##### Records for this task #####

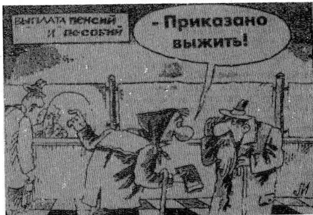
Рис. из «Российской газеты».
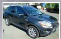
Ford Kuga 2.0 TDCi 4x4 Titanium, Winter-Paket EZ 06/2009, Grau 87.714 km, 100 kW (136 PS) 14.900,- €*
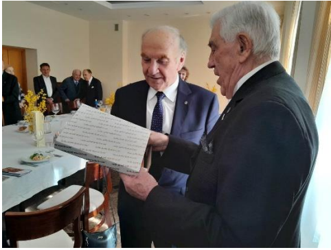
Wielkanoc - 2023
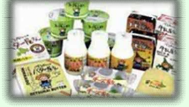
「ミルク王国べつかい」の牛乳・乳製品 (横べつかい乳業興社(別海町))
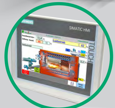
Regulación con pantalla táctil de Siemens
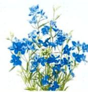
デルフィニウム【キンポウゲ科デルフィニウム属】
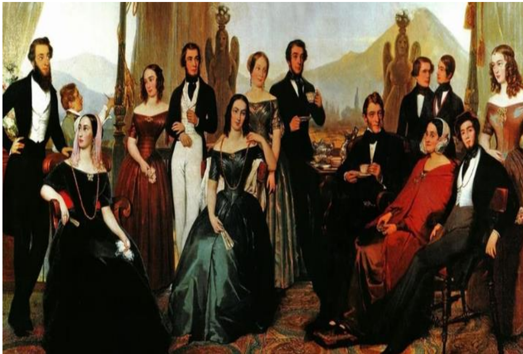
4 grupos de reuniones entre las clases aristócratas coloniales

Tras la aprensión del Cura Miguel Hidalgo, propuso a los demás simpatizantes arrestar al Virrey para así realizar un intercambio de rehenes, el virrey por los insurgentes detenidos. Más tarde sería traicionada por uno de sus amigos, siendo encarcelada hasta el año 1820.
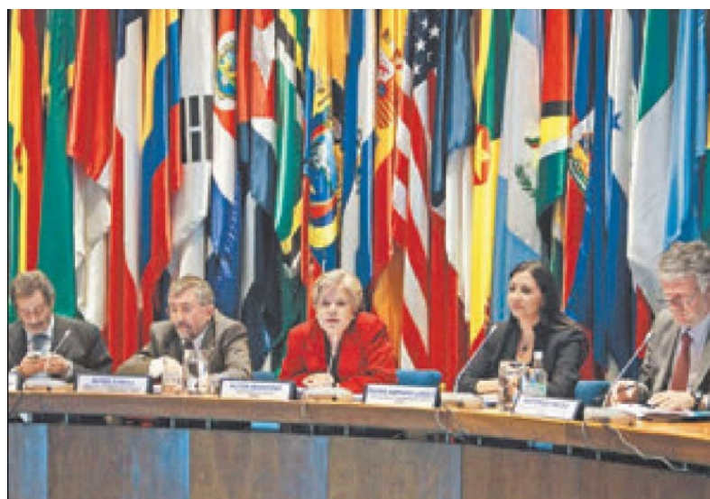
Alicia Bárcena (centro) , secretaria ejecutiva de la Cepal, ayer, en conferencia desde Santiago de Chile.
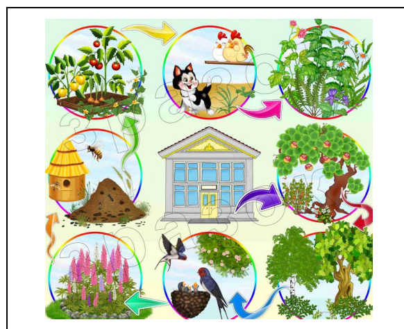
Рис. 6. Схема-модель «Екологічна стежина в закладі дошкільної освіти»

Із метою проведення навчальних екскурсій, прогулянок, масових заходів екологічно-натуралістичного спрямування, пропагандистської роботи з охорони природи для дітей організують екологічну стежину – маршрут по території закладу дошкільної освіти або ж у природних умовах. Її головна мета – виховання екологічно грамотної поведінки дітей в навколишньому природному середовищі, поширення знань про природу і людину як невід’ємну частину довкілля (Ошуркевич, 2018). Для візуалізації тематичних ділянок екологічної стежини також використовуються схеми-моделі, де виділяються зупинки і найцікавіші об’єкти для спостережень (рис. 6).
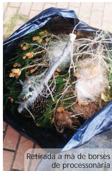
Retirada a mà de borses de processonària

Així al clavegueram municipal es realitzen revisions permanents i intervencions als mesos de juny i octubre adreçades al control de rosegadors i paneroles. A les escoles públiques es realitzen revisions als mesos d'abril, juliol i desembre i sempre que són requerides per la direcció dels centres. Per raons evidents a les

#####

Work request: Print nothing except the lines above from the one containing "Alicia Bárcena (centro)" down to the one containing "Рис. 6. Схема-модель", both included, exactly as written and free of pictures.

Answer for this exercise:
Alicia Bárcena (centro) , secretaria ejecutiva de la Cepal, ayer, en conferencia desde Santiago de Chile.
Рис. 6. Схема-модель «Екологічна стежина в закладі дошкільної освіти»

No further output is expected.